I’m sure there are lots of novels about the immigrant experience, but what I have read tends to focus on genuine, heartbreaking hardship. I think of Let The Great World Spin, which I had to give up reading, because it was too much New York destitution for me to handle just then. I want, instead, to focus on the quieter story that might be within my abilities – the story of the immigrant who goes home. There was some anecdotal statistic I read that one in three immigrants couldn’t hack the jungles of NYC, gave up on the American dream and got back on the boat. It seems plausible, compelling.
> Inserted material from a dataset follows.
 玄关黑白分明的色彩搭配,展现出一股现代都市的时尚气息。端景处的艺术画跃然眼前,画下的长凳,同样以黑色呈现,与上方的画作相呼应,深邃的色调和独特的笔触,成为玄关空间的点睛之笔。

For each person who does decide to return, the moment when homesickness becomes desire becomes determination to leave could have been created through the interaction of a thousand sights, ideas, responses, catastrophes, abandonments, judgments – or by any single one element sparking at a precise intensity or moment in time.
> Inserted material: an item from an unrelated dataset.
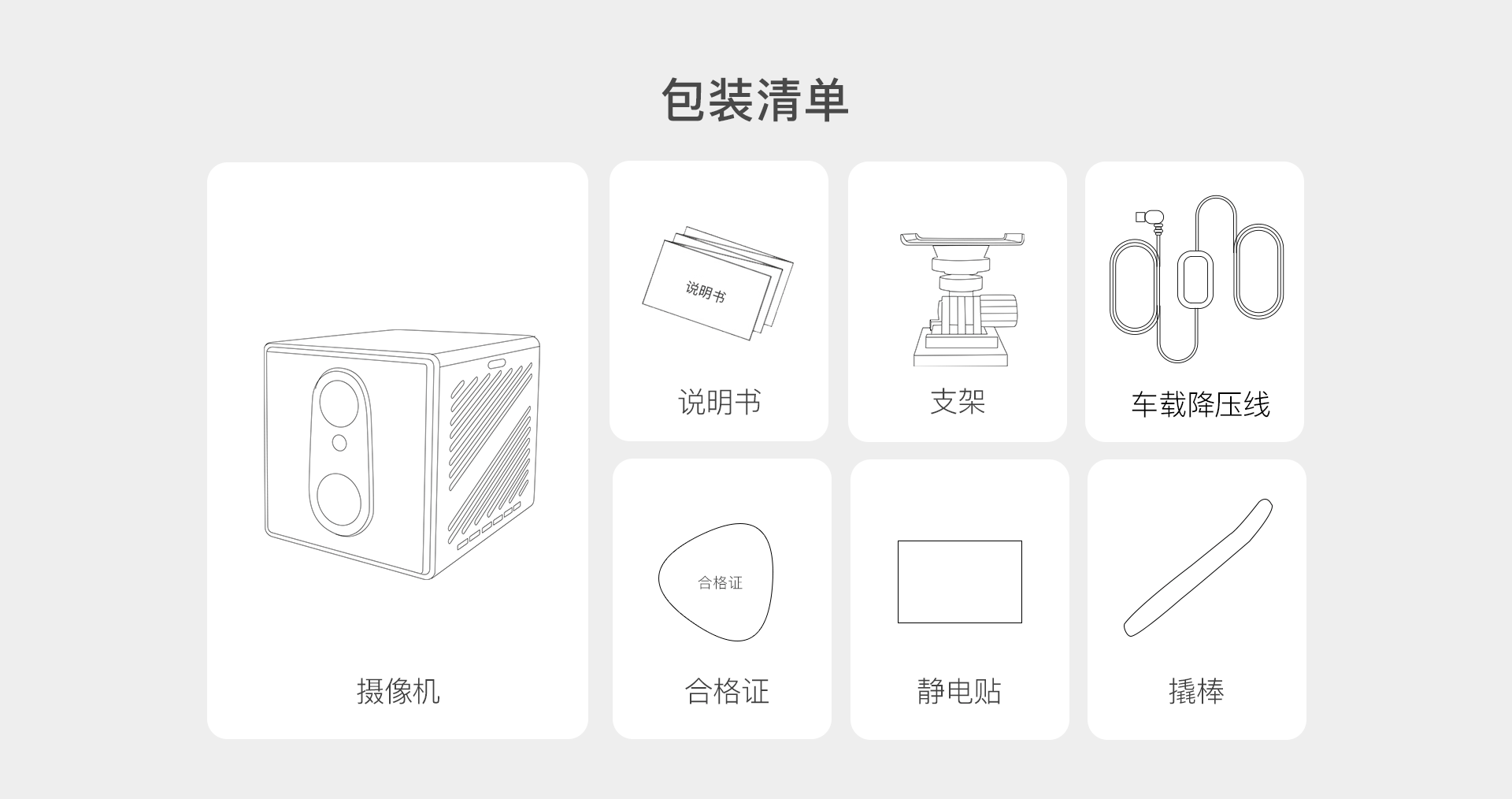 主机*1,支架*1,静电贴*1,说明书*1,SIM卡*1,内卡*1,汽车降压线*1,安装工具*1,车载点烟器电源*1(选配),3米USB充电线*1(选配) |

How will Aida get to that crisis point? And what will she have become, once back on familiar territory?



Filed under consolations of writing, New York, Scotland, The Now, Theory

4 responses to “Original/Authentic

  1. This sounds quite interesting! In my experience, of having spent the past year here, at home, I can tell you that all of a sudden, the funniest, and most unlikely things – things about home that you’ve never noticed before – will start to appear. I used to struggle to identify my own accent over here, but now I can hear the slight difference between (some) Americans and Canucks. One of the things that really struck me about moving back after being away was how the little things (that once drove me crazy) are now more appealing.
    I wonder if Aida will suddenly develop a longing for traditional steak pasties? When I moved to Cornwall, one of the tutors at uni told us about ‘that smell’, meaning pasties, and said that the locals didn’t eat them. Maybe Aida was one such local, and then, upon her return, finds herself gripped with an unnatural desire for pasties? Maybe Aida will become more Cornish? Or the Free Kernow sort? Maybe she takes to crossing the Hudson, and pretending it’s the Tamar? Can’t wait to see what happens!
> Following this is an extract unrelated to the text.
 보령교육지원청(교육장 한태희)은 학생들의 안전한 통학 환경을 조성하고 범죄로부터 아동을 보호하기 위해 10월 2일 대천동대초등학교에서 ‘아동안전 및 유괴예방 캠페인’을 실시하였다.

  2. Pasties! Ah, that is a compelling idea. It’s hard for me to imagine loathing them, but makes total sense – they really are ubiquitous. And very meaty. Aida might have trouble distinguishing between the Cornish/English sides of herself. It’s all very up in the air right now.

    I’m interested to see what I pick up on and what discombobulates me when I move to Edinburgh. Haven’t lived there since I was eighteen, and I’ve a feeling I have changed more than the city has in that time…

  3. Have you read Colm Toibin’s Brooklyn? If not, you must. He nails the quiet story that is so much more.